Crowdsourcing Common Sense

Recently I set up an experiment to create a dataset of human judgements about objects and places. The subjects are asked to rate the likelihood of an object to be found in a place (both from Wikipedia) from unusual to usual. The goal is to create a gold standard against which we can evaluate our AI algorithms.

With this premise, I was finally able to try out Crowdflower, a platform for crowdsouring that has grown popular within the NLP community, where creating a human-annotated gold standard is a common occurrence. I uploaded a dataset made of 2,000 object-room pairs, wrote the task description and instructions, designed the survey’s look and feel and fiddled with the options. Crowdflower gives the customer a good deal of freedom in terms of customization of the task, funding, and the contributor base.

I launched the job yesterday and in a few hours it was complete. It is actually only half done, since I’m waiting for the pro account to be activated, but it’s enough to evaluate the result. Looking at the aggregated answers, which include confidence scores based on inter-rater agreement, I’m very happy. The results make sense, there is plenty of valuable information, and I only spent 45 bucks! 10/10 would crowdsource again.

Now, what I have learned:

You’ve got to treat your contributors right.

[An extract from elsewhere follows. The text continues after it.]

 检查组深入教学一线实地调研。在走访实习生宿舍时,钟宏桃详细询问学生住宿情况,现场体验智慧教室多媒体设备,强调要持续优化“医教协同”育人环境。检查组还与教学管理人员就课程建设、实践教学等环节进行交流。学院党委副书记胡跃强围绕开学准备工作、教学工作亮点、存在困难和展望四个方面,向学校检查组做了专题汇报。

Contributors are human beings and they demand respect. Times have changed and ethical concerns have been risen (see for example this 2011 paper, now Crowdflower contributors will rate your job an a variety of factors including how much you pay for task and the fairness of you test questions. I’m not sure of what the effect of a negative rating could be on your job, but I guess it affects at least its visibility and popularity, and ultimately the time it takes to complete and the quality of the answers.

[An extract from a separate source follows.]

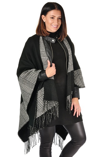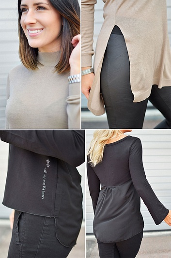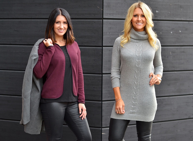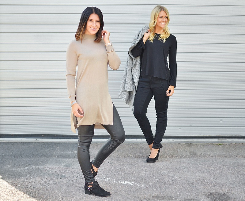 Jennifer har fina turtleneck-tröjan som ni ser coola sprunden på här och under de coola leggingsen i fakeskinn som har en skön bred resår i midjan så de sitter bra på. Therese har den fantastiskt fina Ajlajk-toppen med vackert skirt chiffongtyg över ryggen. Ponchon här är vändbar, ni ser mer av den på webshoppen nu.

Crowdsourcing is not for the faint of heart.

We are used to run experiments on our PCs, looking up the results, changing a parameter here and there, rinse and repeat. With crowdsouring, especially when money are involved, it’s a different story. I spent more than I’m willing to admit triple checking every single detail of my data, options, interface, you name it. Because when the button is pushed, the machine starts. (To be fair, you can pause the job at any time and update the options, but one should be careful to preserve consistency of the results).

Internet people are mean.

OK, that’s not really news at all. I was still surprised, though, when I opened a test question that had been contested by too many users, only to find comments such as “whatttttt???”, “What did you smoke???”, “What a load of rubbish”, “what kind of drugs are you on??”, and my favourite: “Worst. Task. Ever.”.

Interesting experience overall. I definitely learned a lot about crowdsourcing human judgements, and about the Crowdflower platform. For those who want to try, the basic account comes with a free pass for a max. 1,000 rows dataset. Have fun!

Written on March 3, 2016